Three songs from The 20/20 Experience have been released as singles. Its lead single, "Suit & Tie", peaked in the top five in several countries and reached number three in the US. The album's second single, "Mirrors", reached number one in the UK and number two in the US. Its third and final single, "Tunnel Vision", reached number sixty-one in the UK and number eleven on the Bubbling Under Hot 100 chart. Timberlake embarked on the Legends of the Summer Stadium Tour with Jay-Z and The 20/20 Experience World Tour. The album was later included as part of the compilation The 20/20 Experience – The Complete Experience, which was nominated for a Grammy Award for Best Pop Vocal Album. Additionally, "Suit & Tie" and "Pusher Love Girl" won Grammy Awards for Best Music Video and Best R&B Song, respectively.

== Background ==
In September 2006, Timberlake released his second studio album, FutureSex/LoveSounds, which was a commercial success and received generally positive reviews from music critics.
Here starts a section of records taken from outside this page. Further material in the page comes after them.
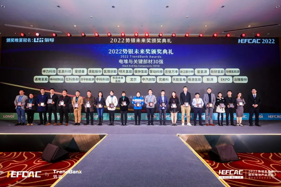 12月13日-15日,2022势银氢能与燃料电池产业年会在宁波举行。会上,天能氢电凭借今年以来在技术创新、产品设计研发、生产工艺优化、应用推广上一系列重大突破,荣获年度技术力奖,并入围电堆与关键部材30强、燃料电池产业50强。
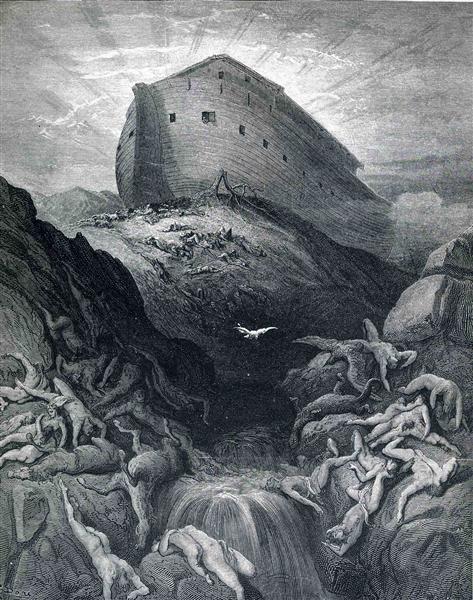 Scanning the terraformed landscape of a post diluvian world, the most striking feature that may have caught Noah’s eye was the corpses of man and animal strewn about, bloated and pale, and beginning to smell. Far from the typical Sunday school artistry, the actual remnants of the flood had a lot more silt and boggy ground, and considerably fewer smiling animals. And over that world shaved clean of growing things, a bow bent in the sky, a colorful spectacle juxtaposing the canvas of the world splotchy with shades of beige and still wet.
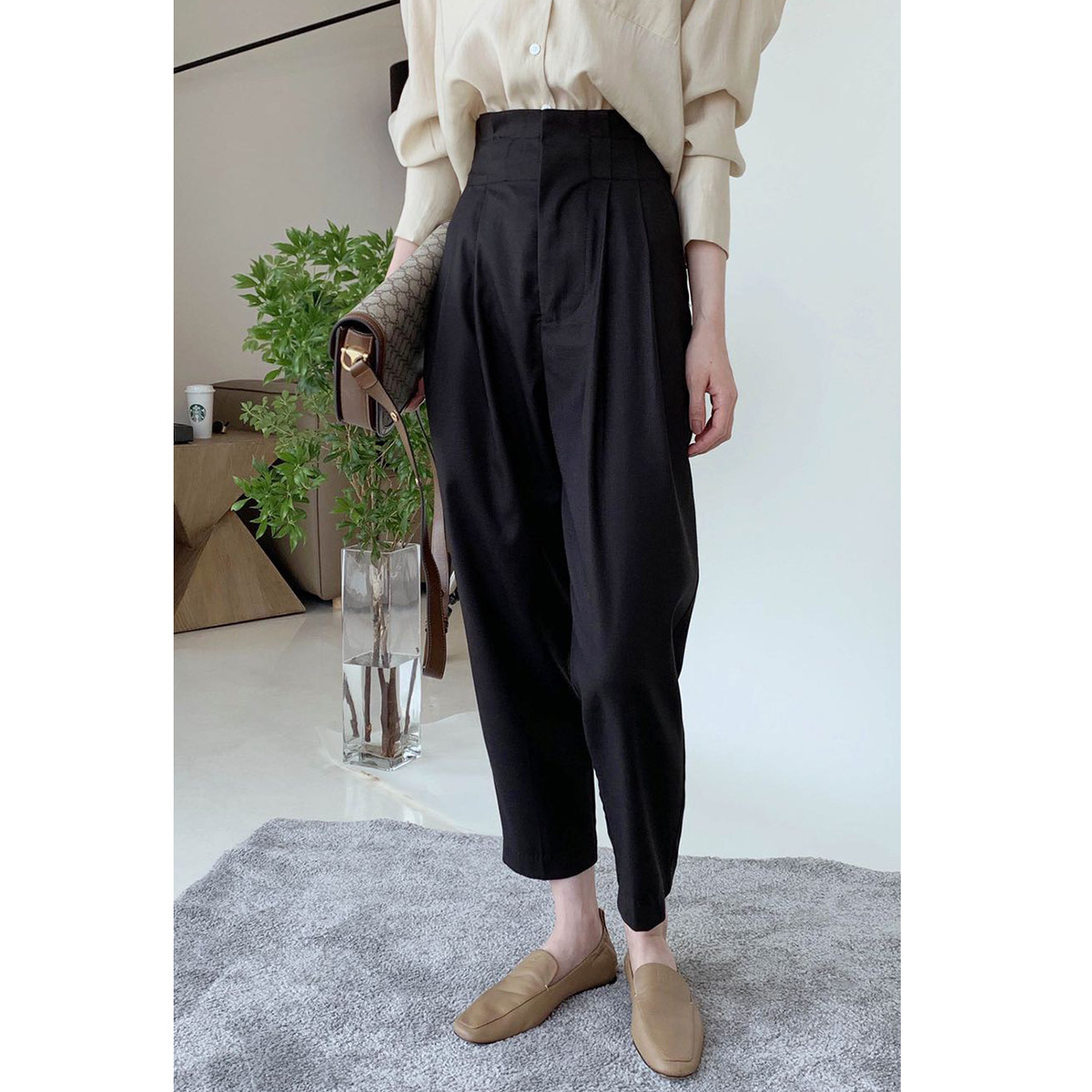 Осенние приталенные штаны, костюм, высокая талия

The album spawned six singles, including the US number-one singles "SexyBack", "My Love", and "What Goes Around... Comes Around". After ending a worldwide concert tour to support the album in 2007, Timberlake took a break from his music career to focus on acting, with occasional guest appearances on singles by Madonna, T.I., Jamie Foxx, Timbaland, and Esmée Denters.

== Development and title ==
In 2010, Timberlake's music manager, Johnny Wright, approached him to discuss the possibility of Timberlake returning to his music career and the difficulties of releasing his future material, because according to Wright: "a lot of the physical record sellers were gone, by the time they've got music again they needed to think about different ways to deliver it". Wright proposed a promotion based on a software application or releasing a new song each month. Timberlake, however, was not interested in returning to music and he continued to focus on his film career. In late May or early June of 2012, Timberlake invited Wright to dinner and said he had spent the previous two nights in a studio with Timbaland working on new material. Wright was shocked by the announcement, and the two began planning to promote and release the album. They agreed on a gap of seven or eight weeks between the singles and the album. Wright told Billboard "such a short window" demanded "a big impact".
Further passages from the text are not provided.